We Americans sure do love us some experts. Utterly fixated on credentials, we believe degrees and titles confer, if not magical powers, then at least superior wisdom and intellectual capacity. We seem to forget that a credential is no guarantee of competence, much less understanding, as any business owner who has just hired a recent college graduate knows very well. We also, to our peril, ignore the fact that the experts are frequently wrong.
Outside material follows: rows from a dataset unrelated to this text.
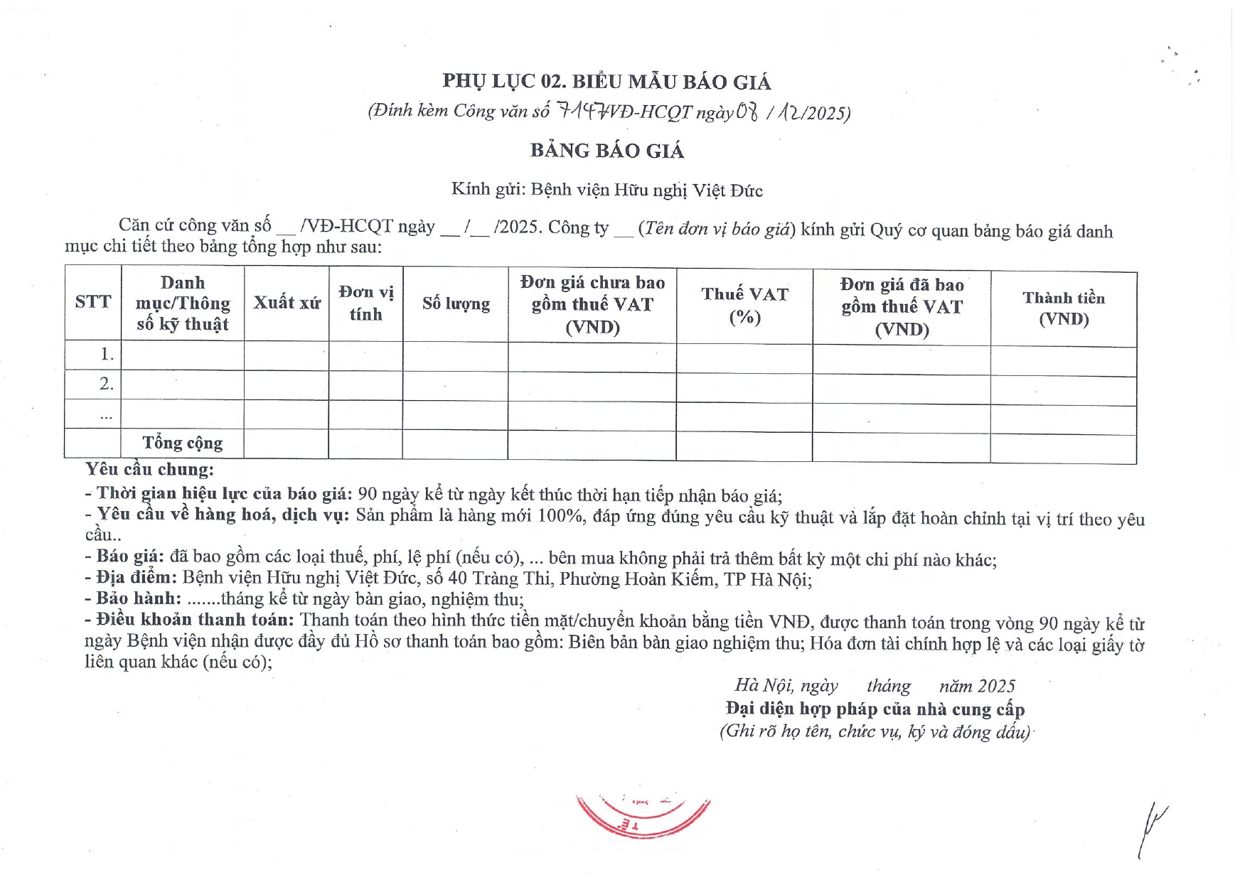Hiện nay, Bệnh viện Hữu nghị Việt Đức có nhu cầu mua sắm, thay thế bộ nguồn sạc điện cho ắc-quy của Máy phát điện dự phòng công suất 1000kVA số 1 tại Bệnh viện. Để có cơ sở xây dựng dự toán và thực hiện hồ sơ mua sắm theo đúng quy định hiện hành, Bệnh viện Hữu nghị Việt Đức kính mời Quý đơn vị quan tâm tham gia báo giá, với nội dung cụ thể như sau: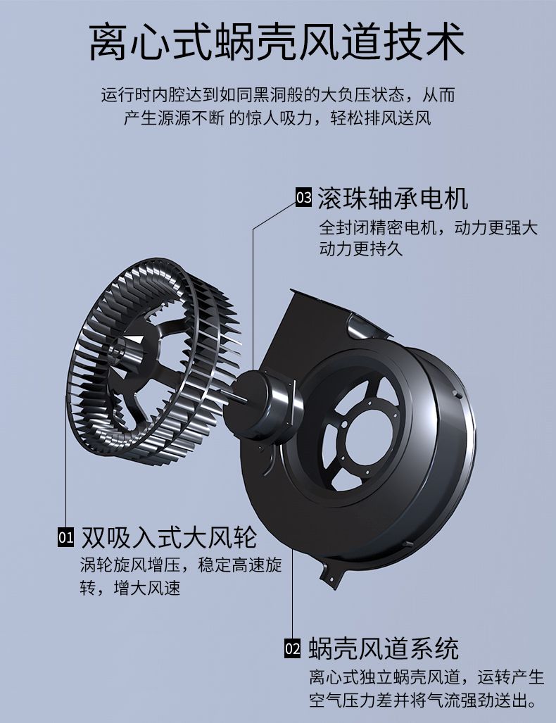 2、采用離心熱鍍鋅鋼板蝸輪風(fēng)道,安全可靠,經(jīng)久耐用,高速純銅電機,持續(xù)運行8000小時無故障,科學(xué)設(shè)計風(fēng)輪間隙,進(jìn)風(fēng)更順暢。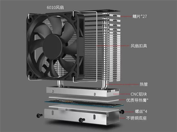 随着采用 PCIe 4.0 总线的高性能 M.2 SSD 的普及,许多发烧友也遇到了过热节流的问题。而九鲨新推出的 M.2 2280 散热器,就采用了夸张的塔式热管 + 主动式风扇的设计。此前这种方案多见于 CPU 散热器,但九鲨 M.2-Three 也用一条 10mm 镀镍铜热管穿过了 27 个铝制鳍片,底座则是 CNC 加工铝基板。
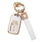 CACARLIKE ホンダキーフォブカバー レザーストラップ付き 車のキーフォブケース ホンダ アコード シビック CRV オデッセイ パイロット スマートキー 輸入品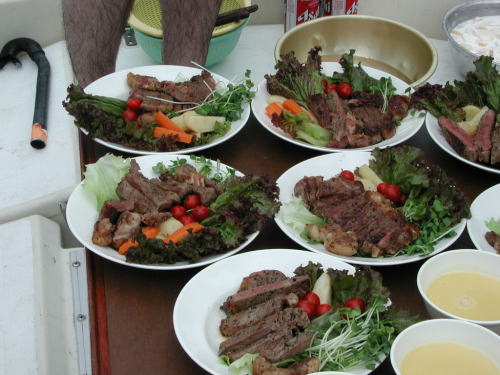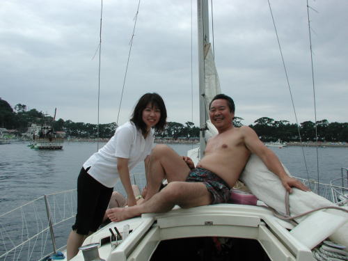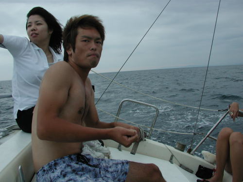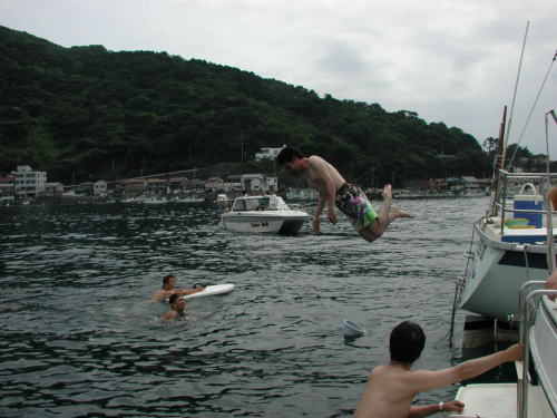 先週から始めた、「うみねこ」の餌付けを今日は出航直後に実行しました。生け簀に翼を休めている「うみねこ」も仲間が夢中でパンくずを追いかけているのを見て直ぐに大集団になり大騒ぎでアンタレスを追いかけて来ました、が よく観察してみるとまだ沢山の「うみねこ」が生け簀に平然ととまっています。鳥達にも付和雷同しない変わり者がいるんだな・・・って感心しました。 いつもの通り戸田の「水八丸」に係留したら海水浴客の監視船が近づきもっと沖合いへ移動してくれとのこと、誰がそんなことを言うのか質したら監視センターからの指示とのこと、「水八丸」は既に充分沖合いで岸から泳いでくるところでない場所であるのにプレジャーボートと云うだけで、危険だからと排除に掛かってくる、俺達も海水浴にきているんだ・・・ アクセスの手段が違うだけでなんでこんなに締め出されなければならないんだと憤りを感ずる。日本の木っ端役人は何でも規制をして事故責任を回避している、まったく了見の狭い人種・・・ 少し沖合いに知り合いのボートが沢山係留しており一緒に係留させて貰い沖の沖の深〜い海で海水浴をたのしむ。今日は往復とも上り気味の丁度よい風が吹きゲストに舵を取ってもらいセーリングの楽しさを味わってもらう、久しぶりのクローズホールドのセーリングでした。

A greater problem, though, is that we all too often listen to the wrong experts. Yes, on balance, experts do know more about one specific subject than the rest of us and are therefore somewhat more likely (though hardly guaranteed) to be right when it comes to that specific subject. But there are experts and there are experts, and the ones with the biggest platform aren’t necessarily the ones with the most expertise.
In particular, in the age of technocracy, we have become enamored of government experts, assuming that because they work for the government — ostensibly, for the people — they must constitute the highest order of experts and have the least self-interest. Those assumptions are usually, tragically false.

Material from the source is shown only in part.